Abstract: This work develops \emph{mixup for graph data}. Mixup has shown superiority in improving the generalization and robustness of neural networks by interpolating features and labels between two random samples. Traditionally, Mixup can work on regular, grid-like, and Euclidean data such as image or tabular data. However, it is challenging to directly adopt Mixup to augment graph data because different graphs typically: 1) have different numbers of nodes; 2) are not readily aligned; and 3) have unique typologies in non-Euclidean space.
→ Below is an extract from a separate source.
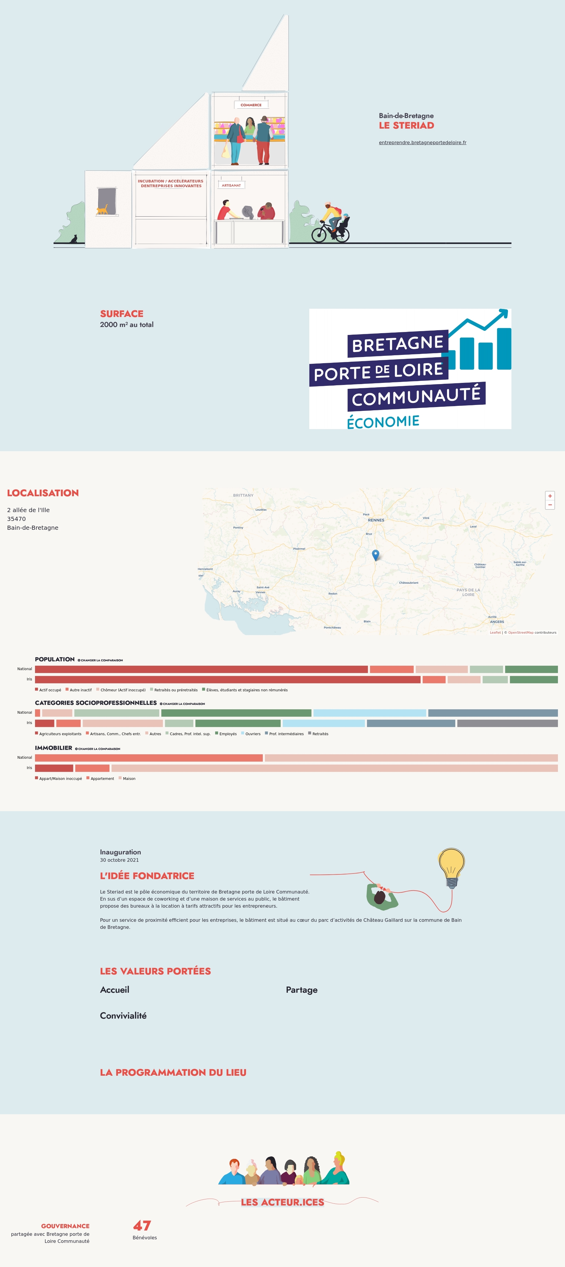 Le Steriad est le pôle économique du territoire de Bretagne porte de Loire Communauté. En sus d’un espace de coworking et d’une maison de services au public, le bâtiment propose des bureaux à la location à tarifs attractifs pour les entrepreneurs.

To this end, we propose $\mathcal{G}$-Mixup to augment graphs for graph classification by interpolating the generator (i.e., graphon) of different classes of graphs. Specifically, we first use graphs within the same class to estimate a graphon. Then, instead of directly manipulating graphs, we interpolate graphons of different classes in the Euclidean space to get mixed graphons, where the synthetic graphs are generated through sampling based on the mixed graphons. Extensive experiments show that $\mathcal{G}$-Mixup substantially improves the generalization and robustness of GNNs.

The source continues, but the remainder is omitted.